Also -- are many American companies friendly towards Canadians who happen to
have dual citizenship? To be honest ideally I'd work in Waterloo or Toronto
(both are driving distance, ish, from my home) but I'd love to spend time in
NYC or the Bay Area too.

------
rachelbythebay
Avoid North San Jose? Wha? East San Jose, maybe. North San Jose is like two
trailer parks and a bunch of shiny new complexes. Avoid the trailer parks if
that's not your thing and you're fine.

I'm talking about anything north of Montague between the Guadalupe and Coyote
Creek, and south of 237. North of 237 I'd call Alviso, and that's a whole
different thing.

------
pshc
Some feedback about the page design: When I first looked at the article, I
breezed right past those six section links. They look way too much like
generic fat-footer site nav or post-article outbound links or something, my
brain must have filtered them out. I found myself scrolling down to the ABOUT
section immediately and becoming confused.

------
pnmahoney
"Palo Alto . . . is very clearly a college town".
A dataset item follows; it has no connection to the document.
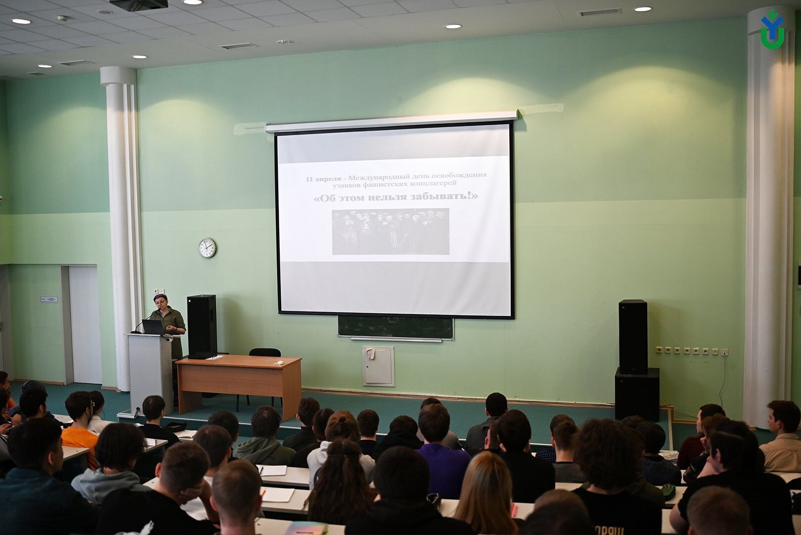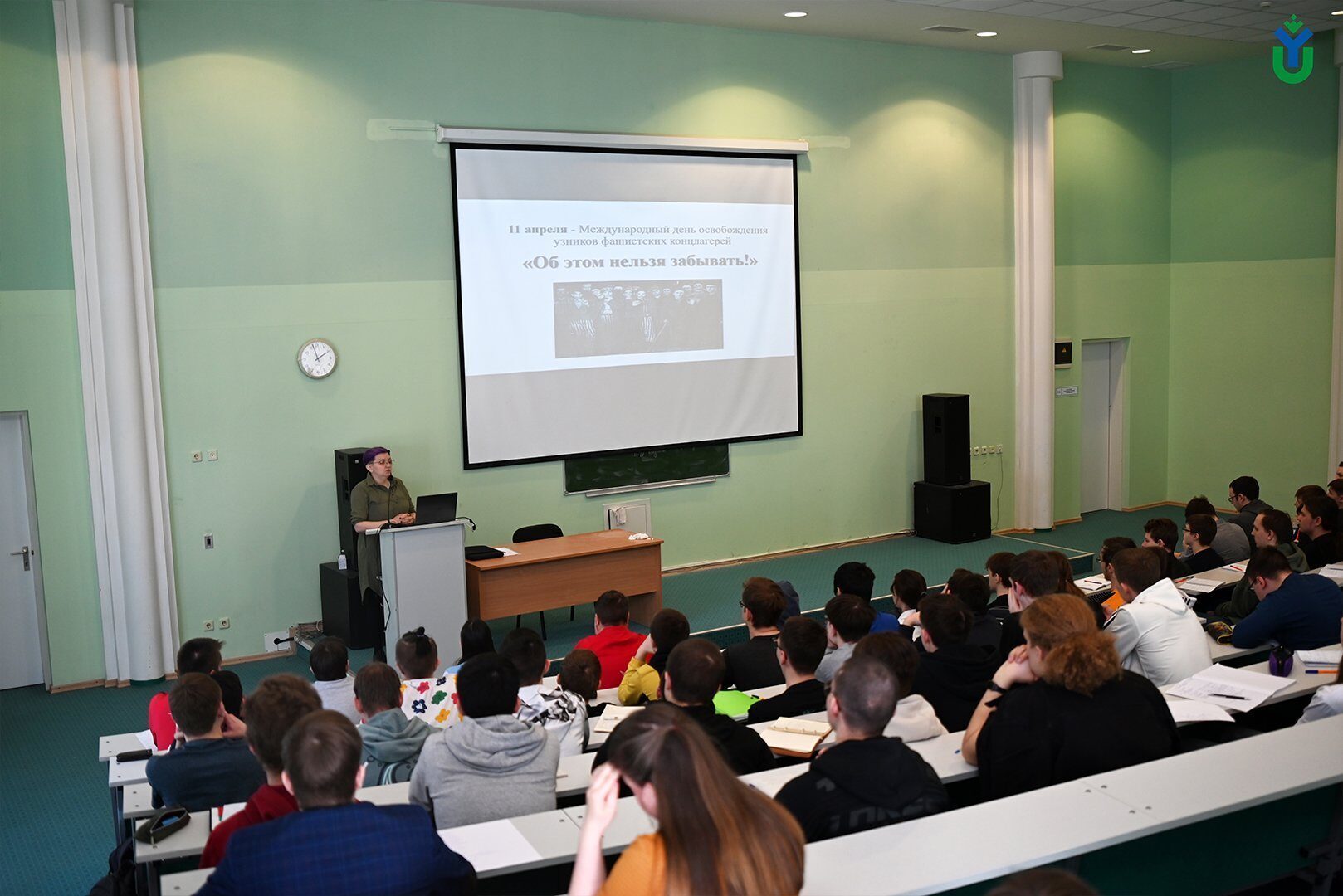 Историческую лекцию для студентов первого курса провела доцент Высшей школы гуманитарных наук ЮГУ Наталья Харина. Занятие приурочено к Международному дню освобождения узников фашистских концентрационных лагерей. Эта памятная дата ежегодно отмечается во всём мире 11 апреля. На лекции студентам рассказали о том, как появлялись и функционировали «лагеря смерти», какие зверства там творились. Студенты также смогли познакомиться с фотохроникой. Так, на одной из фотографий первокурсники увидели освобождённых узников Бухенвальда, одного из самых крупных концлагерей нацистской Германии.

I think it's worth noting that Palo Alto is not very much of a college town at
all.

------
philip1209
Any tips for a new hire in the Bay area? (I just accepted a full-time job in
SOMA starting in late May).

Specifically - any tips on securing an apartment ahead of time, possibly
remotely? I have a week in the corporate apartment, but if I could line
something up beforehand that would be preferred.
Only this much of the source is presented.